Pour l’infectiologue Mohamed Yousfi, chef de service d’infectiologie à l’EPH de Boufarik, au vu du choix fait pour le vaccin russe Sputnik V, la structure hospitalière, à l’instar de toutes les autres structures du pays, est prête pour lancer la vaccination. «Nous n’avons pas besoin de nous préparer, nos équipes des services d’épidémiologie et de médecine préventive ont assez d’expérience en la matière, mais il est urgent de définir une stratégie nationale de vaccination avec un calendrier sur le long terme, identifier les populations cibles et les structures dédiées à cette vaccination. Les équipes n’attendent que les instructions du ministère de la Santé, de la Population et de la Réforme hospitalière», a déclaré le Dr Yousfi tout en appelant à la mise en place en urgence d’une campagne médiatique de communication et de sensibilisation à l’égard de la population, en attendant l’arrivée du vaccin, pour réussir cette vaccination. «Aujourd’hui, La population a besoin d’être informée, sensibilisée et rassurée. Il est donc important d’intervenir en amont et ne pas attendre jusqu’à l’arrivée des premières doses de vaccin, ce qui est certainement voué à l’échec. Pour le moment, la seule chose que nous savons est que l’Algérie a procédé à la commande de 500 000 doses du vaccin russe Sputnik V. Les professionnels de santé ont besoin de plus de visibilité à propos de cette vaccination contre la Covid-19», a- t-il ajouté.

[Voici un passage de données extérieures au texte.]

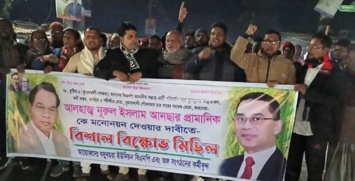 ৭৮,কুষ্টিয়া ৪ (খোকসা,কুমারখালী) আসনে বিএনপির সম্ভাব্য মনোনীত প্রার্থী পরিবর্তন করে আলহাজ্ব নূরুল ইসলাম আনছার প্রামাণিককে মনোনয়ন দেওয়ার দাবিতে বিক্ষোভ মিছিল করেছে যদুবয়রা ইউনিয়ন বিএনপির নেতৃবৃন্দ।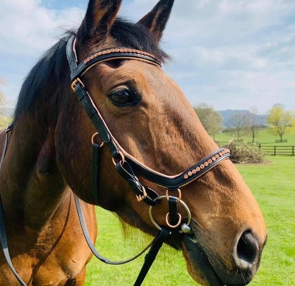 Ensemble en cuir de bride marron anatomique Micklem avec rênes entièrement rembourrées Accessoires équestres en or rose pour l'équitation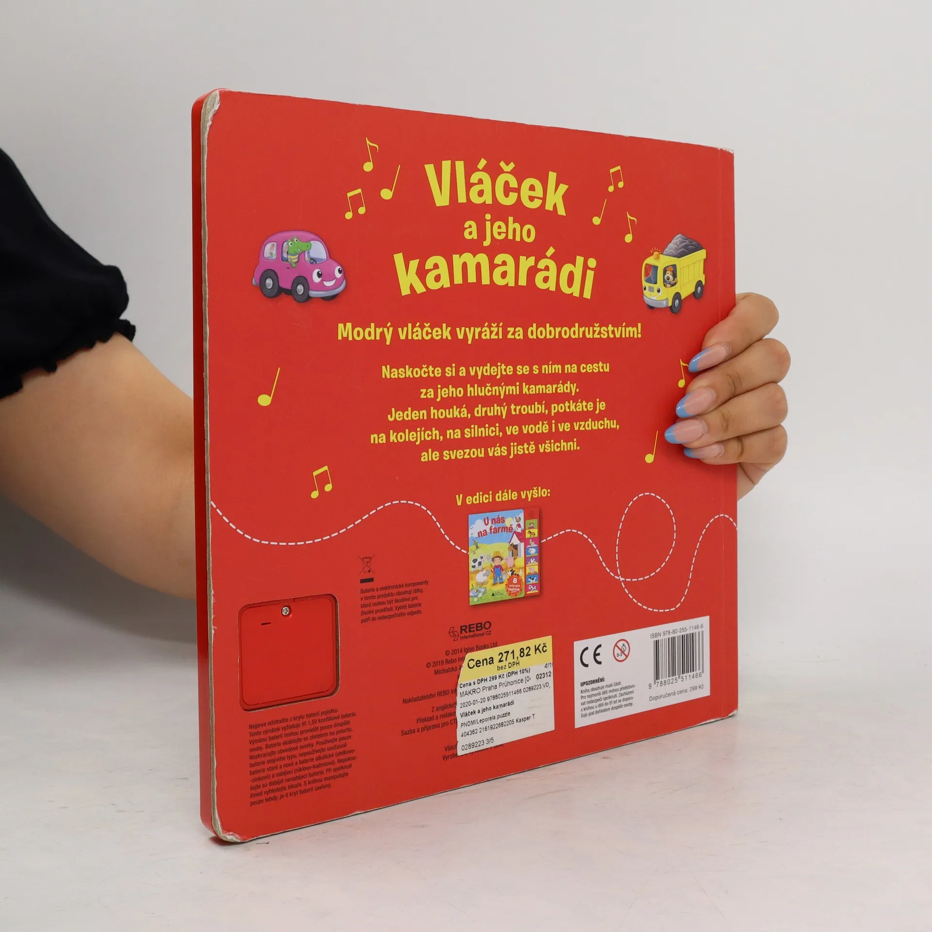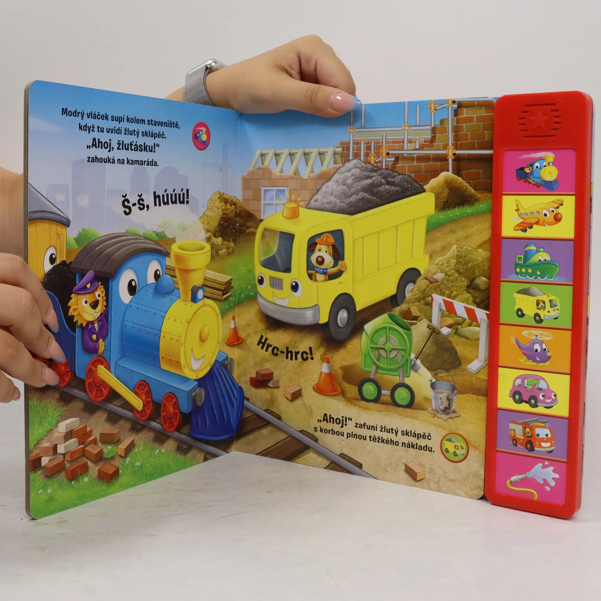 Jaké zvuky vydává vlak, auto, helikoptéra, letadlo, hasičský vůz nebo třeba parník? Modrý vláček se vydává za dobrodružstvím a na svých cestách potká na silnici, ve vzduchu i na vodě spoustu hlučných kamarádů. A pochopitelně se s každým hezky nahlas pozdraví. Knížka Vláček a jehokamarádi s jednoduchým příběhem je opatřena osmi tlačítky, po jejichž stisknutí se ozvou jednotlivé dopravní prostředky.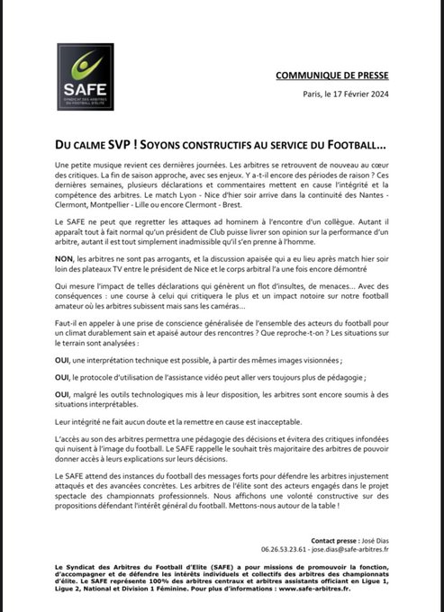« Une petite musique revient ces dernières journées. Les arbitres se retrouvent de nouveau au cœur des critiques. La fin de saison approche, avec ses enjeux. Y a-t-il encore des périodes de raison ? Ces dernières semaines, plusieurs déclarations et commentaires mettent en cause l’intégrité et la compétence des arbitres. Le match Lyon-Nice arrive dans la continuité des Nantes-Clermont, Montpellier-Lille ou encore Clermont-Brest. Le SAFE ne peut que regretter les attaques ad hominem à l’encontre d’un collègue. Autant il apparaît tout à fait normal qu’un président de club puisse livrer son opinion sur la performance d’un arbitre, autant il est tout simplement inadmissible qu’il s’en prenne à l’homme. Non, les arbitres ne sont pas arrogants, et la discussion apaisée qui a eu lieu après match hier soir loin des plateaux TV entre le président de Nice et le corps arbitral l’a une fois encore démontré », a écrit le SAFE tout en appelant les instances à ne plus laisser passer ce genre d'attaques.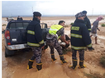 إنقاذ 5 أشخاص من عائلة واحدة حاصرتهم السيول في الطفيلة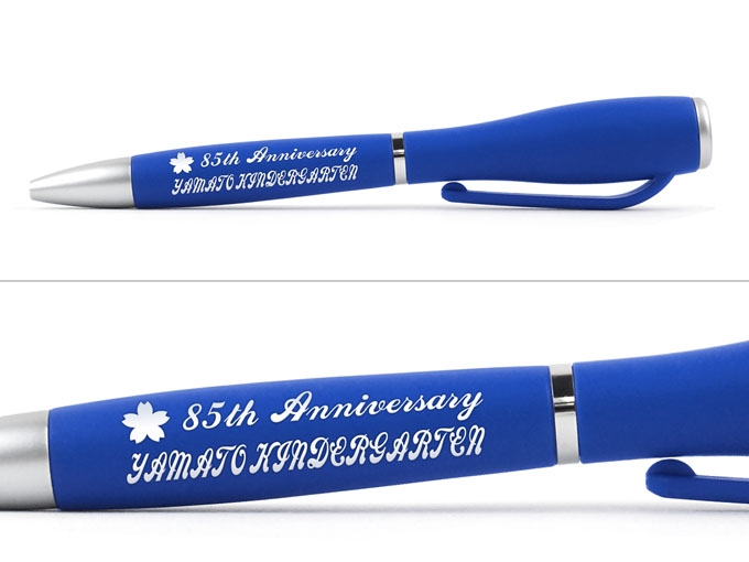 弊社オリジナルボールペン、LEDフラッシュライトボールペン 0.7mm スエード調へ名入れ致しました。LEDライト付きボールペンの中ではカジュアルなデザインで、さらさらとしたスエード調が特徴です。防災意識が高くなっている近年ではこのような商品がノベルティや販促品としてお渡しすると喜ばれます。印刷範囲が広く取れるPAD印刷ですとロゴやメッセージ等も大きく入りますので企業や団体のアピールにもつながります。今回のように周年記念品としてお渡しされると防災と併せて二度嬉しいギフトとなる事間違いないです。お渡し時に便利なのし箱を添付させて頂きました。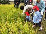 6月に子ども達が田植えした苗が大きく育ち、稲穂となりました。お手伝いのお母さんに介添えをしてもらいながら、一人ひとりが鎌で稲を刈り取りました。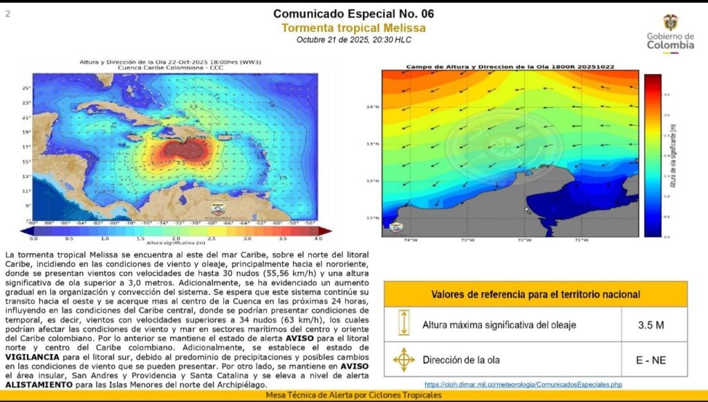 El Instituto de Hidrología, Meteorología y Estudios Ambientales de Colombia (Ideam) el Comunicado Especial No. 06 sobre la Tormenta Tropical Melissa, que se ubica en el oriente del mar Caribe y continúa generando una influencia directa sobre el nororiente colombiano, especialmente en los departamentos de La Guajira y Magdalena.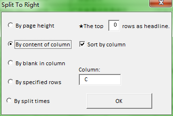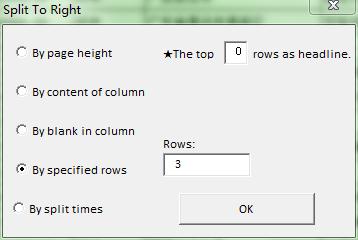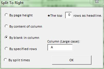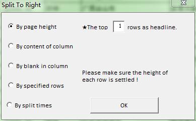 ¡ï"Split To Right" has three modes. Except "by times" there has other two modes, One is "By rows",Splits area selected to sections according of specified rows and move to the right separately. For instance, you can estimate how many rows in one page, then split by this number. Two is "By column", Splits area selected to sections according of column entered and move to the right separately. You can think about if order the data by specified column, For instance, apply to print by department etc.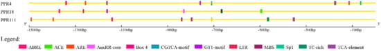 Putative cis-element in a 1.5 kb 5′ flanking region upstream from the start codon. Different cis-elements were indicated by colored symbols and placed in relative positions on the promoter. The ABA-responsive element (ABRE), light-responsive element (ACE), anaerobic induction element (ARE), auxin responsive element (AuxRR-core), light-responsive element (Box4), MeJA-responsive (CGTCA-motif), light-responsive element (GT1-motif), low temperature responsive element (LTR), MYB-binding site (MBS), light-responsive element (Sp1), salicylic acid responsive element (TCA), and defense and stress responsive element (TC-rich repeat) were analyzed.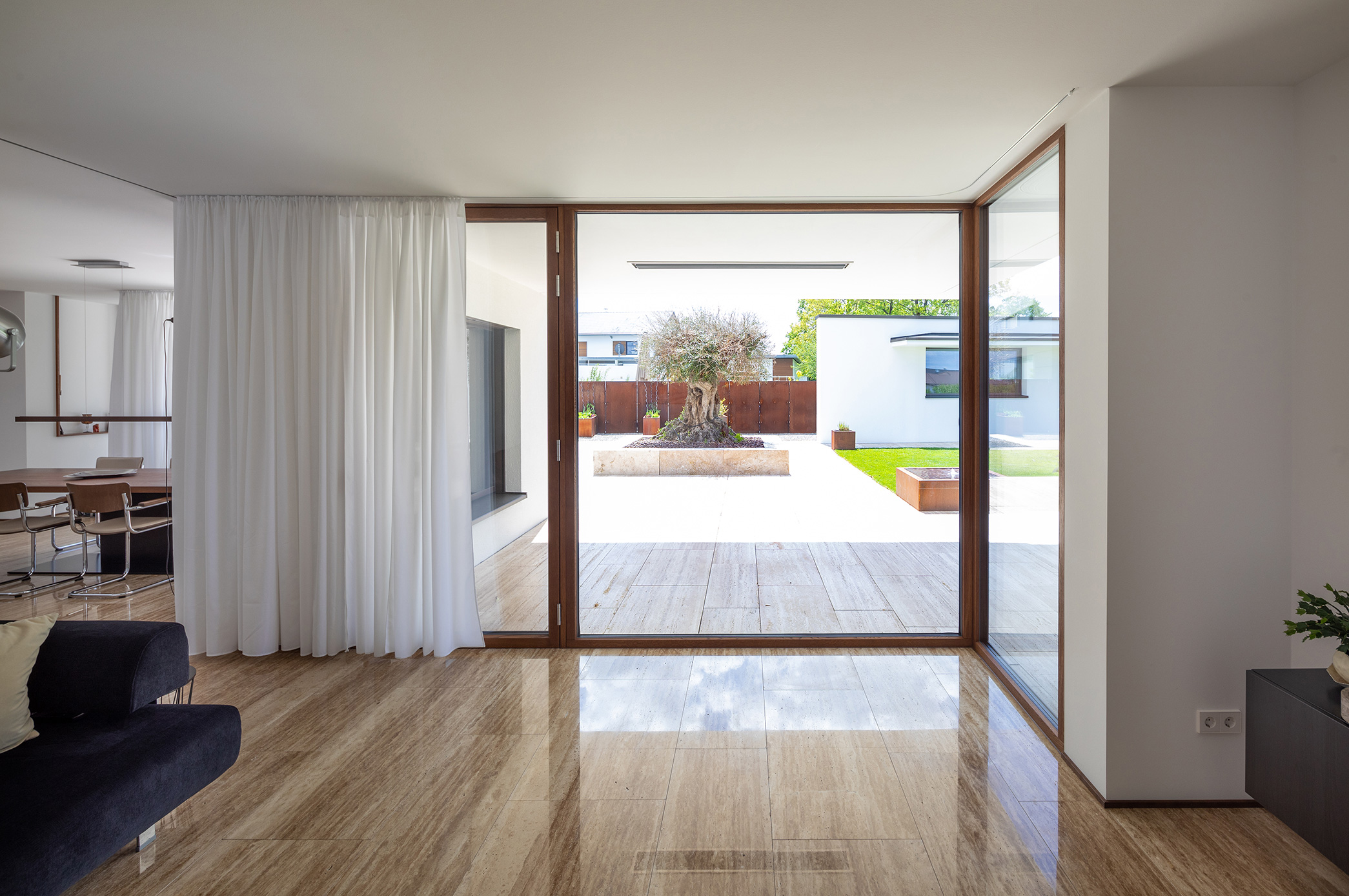Durch geschickt gesetzte Vor- und Rücksprünge im Erdgeschoss ergeben sich schöne Gliederungen im Außenraum und vielfältige Ausblicke im Innenraum.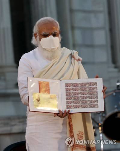 epa08959742 Indian Prime Minister Narendra Modi unveils a new postal stump about Subhas Bose at Victoria Memorial during a celebration of Subhas Bose's 125th birth anniversary in Kolkata Eastern India 23 January 2021. Prime Minister visits in Kolkata to mark the birth anniversary of Netaji Subhas Chandra Bose, while the day observed as 'Parakram Diwas'. Subhas Bose was an Indian revolutionary figrue known for his rule in the independence movement against British rule of India. EPA/PIYAL ADHIKARY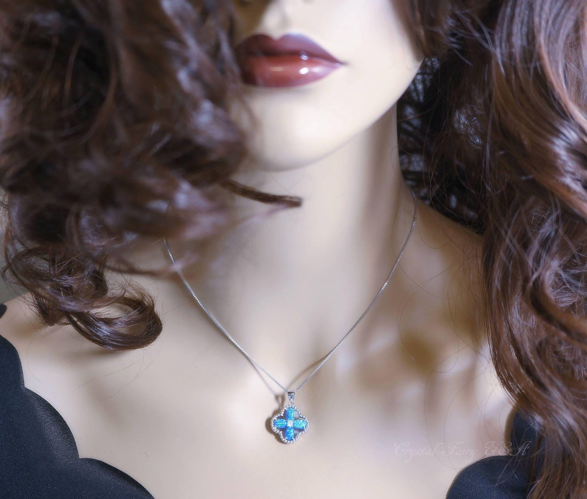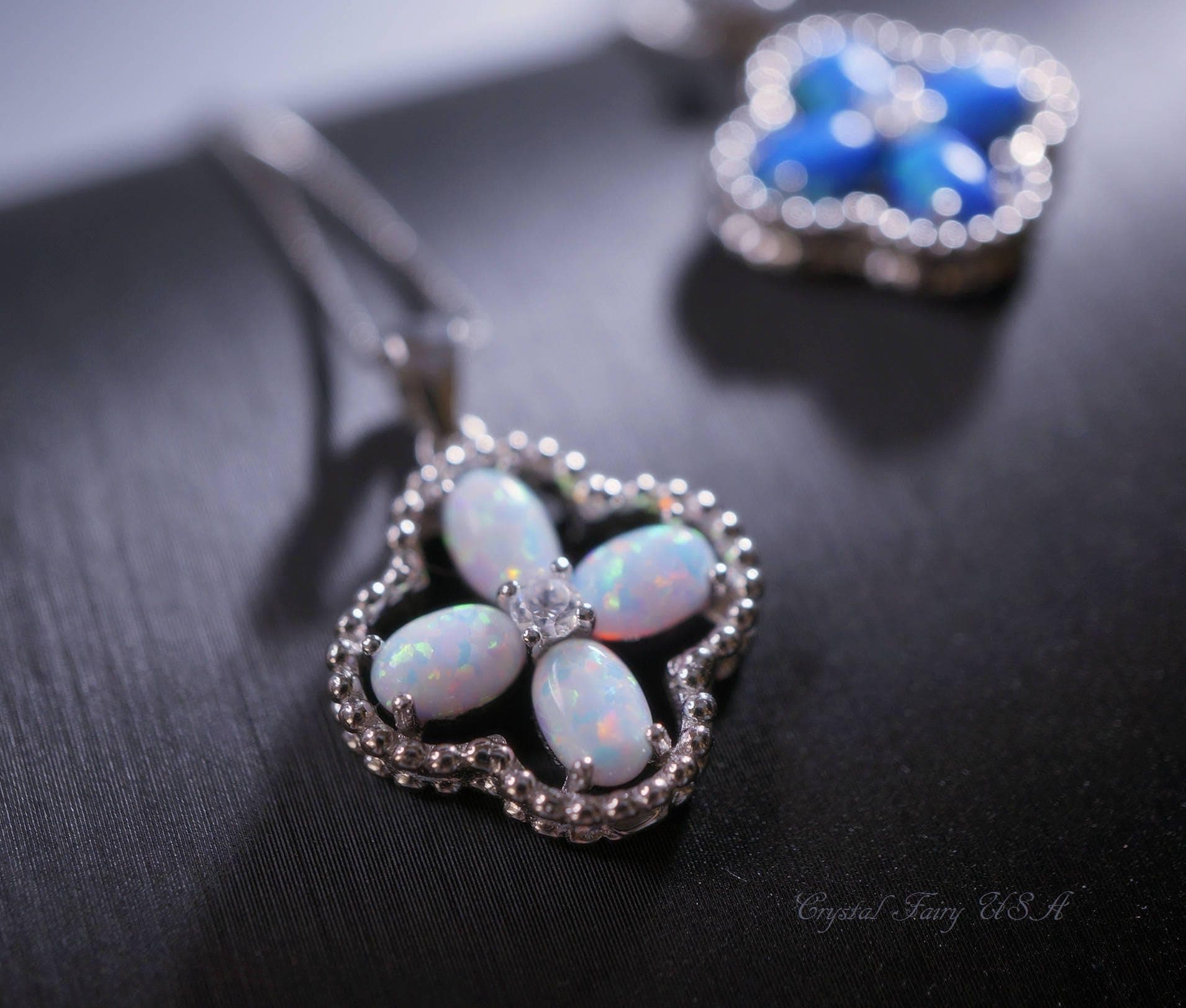 Delicate Opal Four Leaf Clover Necklace, High quality full sterling silver Opal jewelry
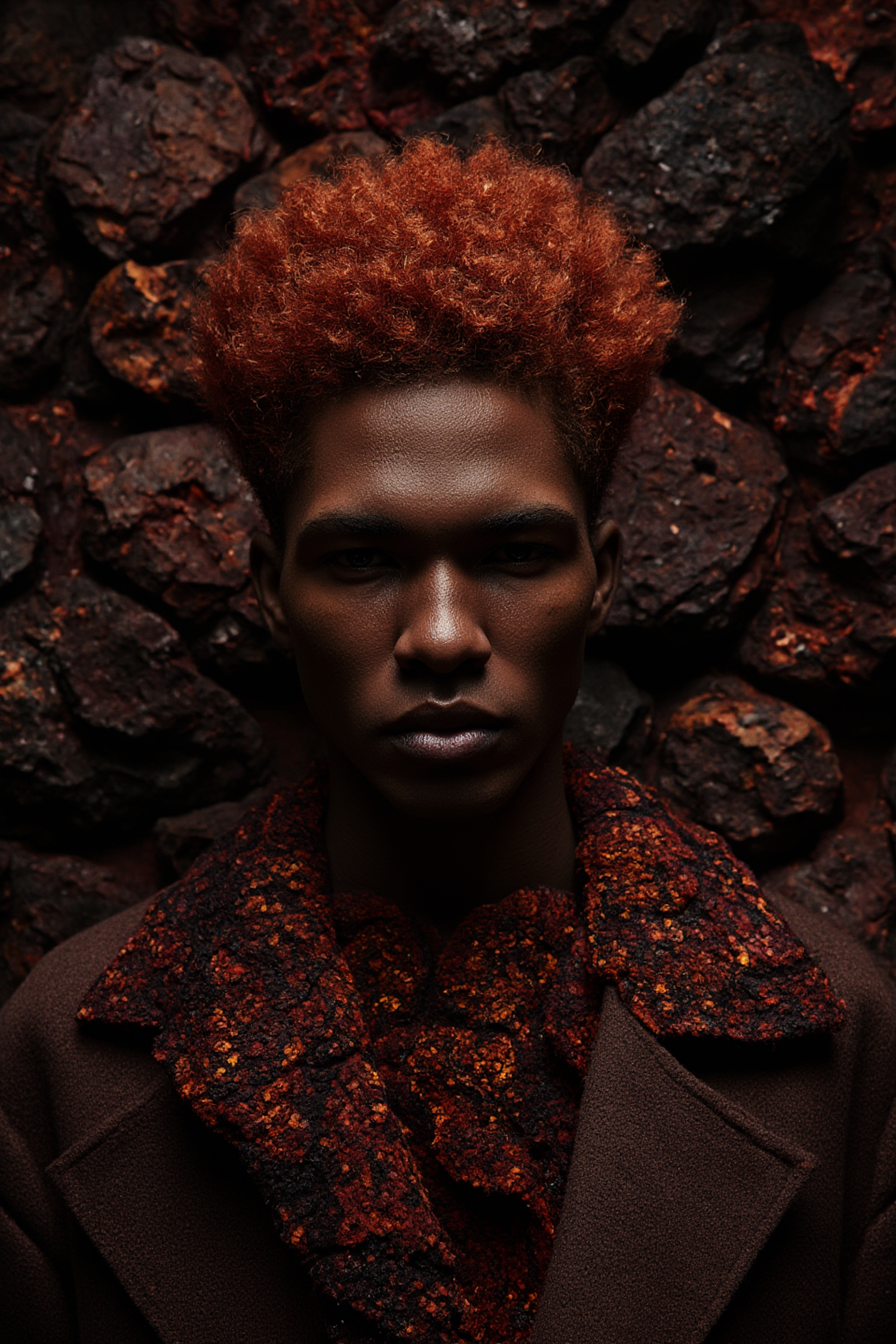 Striking portrait of a person with red curly hair and a textured brown coat, set against a rugged rock background.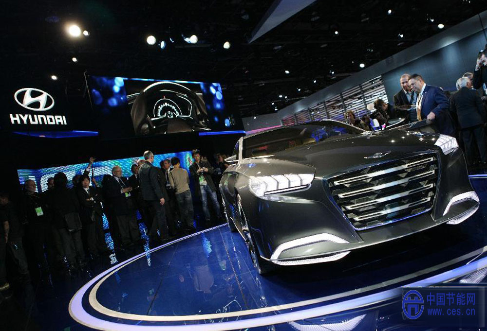 14日,在美國底特律舉行的2013北美車展上,韓國現(xiàn)代汽車公司在發(fā)布會上展示勞恩斯HCD-14概念車。

En attendant l’adoption d’une stratégie nationale de vaccination par le comité technique de vaccination, l’Agence nationale des produits pharmaceutiques est sur le point de procéder à l’enregistrement du vaccin russe, conformément à la procédure d’enregistrement basée sur l’évaluation documentaire et technique consacrée par un arrêté ministériel signé par Lotfi Benbahmed, le ministre de l’Industrie pharmaceutique, et publié le 31 décembre dans le Journal officiel. Le dossier est en cours de traitement, avons-nous appris.